In 2012, as police and regulators urged the BC Lottery Corporation to crack down on rapidly increasing volumes of suspected drug cash pouring into Vancouver-area casinos, its CEO was urging his executives to “be creative” in maximizing revenue, in order to satisfy the province’s budget demands, or else lose their yearly bonuses.
Buried in the Cullen Commission’s final report is the possibility that the incentive of individual compensation at BCLC was one of many factors, along with the B.C. Liberal government’s drive for casino income, that may have hampered efforts to shut down money laundering.
Commissioner Austin Cullen’s 1,800-page report, released this week, has drawn criticism for not finding evidence of political corruption after his wide-ranging public inquiry into money laundering in B.C.
He faulted senior elected officials, including former premier Christy Clark and former gaming minister Rich Coleman, for failing to stop government casinos from accepting cash that appeared to be derived from criminal activity, but said there was no evidence their failures were motivated by corruption.
And in media interviews after the report’s release on Wednesday, he said the inaction stemmed from government’s lack of “will” and understanding of anti-money laundering.
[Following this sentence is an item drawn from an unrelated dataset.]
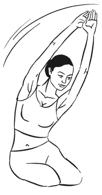 Стоя, ноги слегка согнуты в коленях, расстояние между стоп – ширина бедер, руки свободно опущены и прижаты к бедрам. На вдохе, вытягиваясь вверх, поднимите правую руку. Не поднимайте лопатки (насколько это возможно), держите расслабленными шею и плечи.

He said the threshold for corruption would have only been met if he found evidence that individuals had personally benefitted in some way from decisions that allowed money laundering to occur.
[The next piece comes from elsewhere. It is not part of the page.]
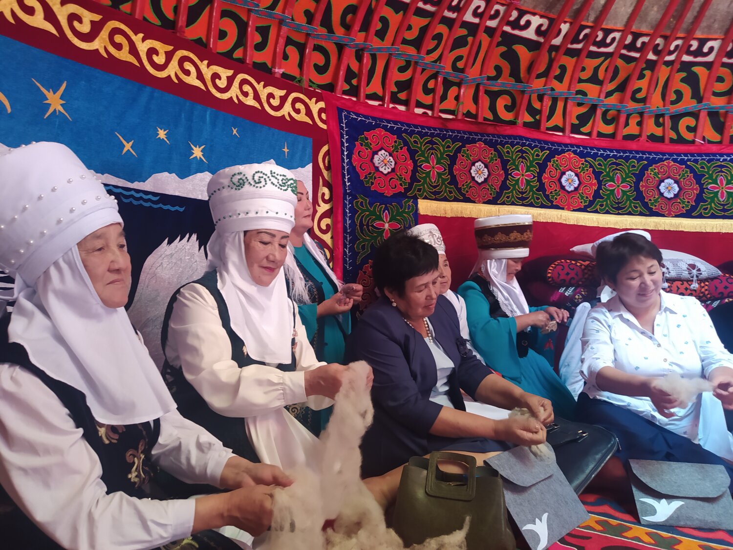 Чынын айтсак, биз улуттук кийимчен балдар-кыздарды, алардан калбай улуттук өңүттө кийинген ак калпакчан агайларды, ак элечекчен, ак жоолукчан эжейлерди көрүп, кыргыз болуп төрөлгөнүбүзгө төбөбүз көккө жете кубанып жаттык. Мектептин короосу өзүнчө бир Манас атанын доорундагы кыргыз айылын элестетти. Көркөмү көз тайгылткан боз үйдүн алдында ак элечекчен апалар кырка тизилип турат. Баары ушул мектепте иштеген же бир убакта иштеп кеткен ардагерлер экенин төшүндө жаркыраган төш белгилерден билдик. Ичкериде кыргыз көркөм дүйнөсү байырлаптыр. Ак элечекчен апалар жүн тытып, ийик ийрип, энелер мурасын улантып жатышты. Ошол эле жерде баланы бешикке бөлөө каадасы да көрсөтүлдү. Сыртта Умай эне арча түтөтүп, элибизге ак батасын айтты. Ак батанын сөзүн чыгармачыл мугалим Фаризат Тагаева жазса, Умай эненин ролун дене тарбия мугалими, агартуу ардагери Орунбү Чукунова зор чеберчилик менен аткарды. Анан коноктор менен биргеликте ачык асман алдындагы оюн борборлоруна саякатка чыктык.

Yet, from 2008 to at least 2015, his report said nearly everyone with power and insight into B.C. casino operations had reason to believe that cash connected to wealthy travellers from China and Vancouver-based crime networks was rising exponentially.
From 2010 to 2014, the value of large cash transactions connected to this network quadrupled, the report said. And while senior officials, including Coleman, were directly warned from at least 2010 that much of this cash looked like drug money, the floodgates were opened wider: BCLC increased bet limits to $100,000 per hand and several Vancouver-area casinos enlarged the private “VIP” betting rooms built for Chinese businessmen who used cash supplied by loan sharks. All of this led to a stunning, newly revealed total of $1.2 billion in large cash transactions in 2014. Many, if not most, of the suspicious transactions from this total were criminal funds, Cullen concluded.
Revenue considerations in Victoria and at BCLC seem to have also come into the equation. Cullen points to a set of emails sent by Graydon to managers as a factor underlying B.C. government failures to stem the flood of suspect cash.
In a December 1, 2011 email, CEO Michael Graydon urged his executives to meet financial targets being set by the provincial government, stressing that “if we do not, I also want to be very clear there will be no opportunity to pay out incentive this year.”
“These are very different times and we have to be responsive to our shareholder and I am committed to do that,” Graydon’s email said.
At the inquiry years later, Graydon testified that the “shareholder” was the B.C. government and that he’d been referring to his repeated conversations with government officials who said they relied on BCLC to fund initiatives.
In another email to BCLC managers, sent Dec. 13, 2011, Graydon followed up with a “similar message,” the final report said.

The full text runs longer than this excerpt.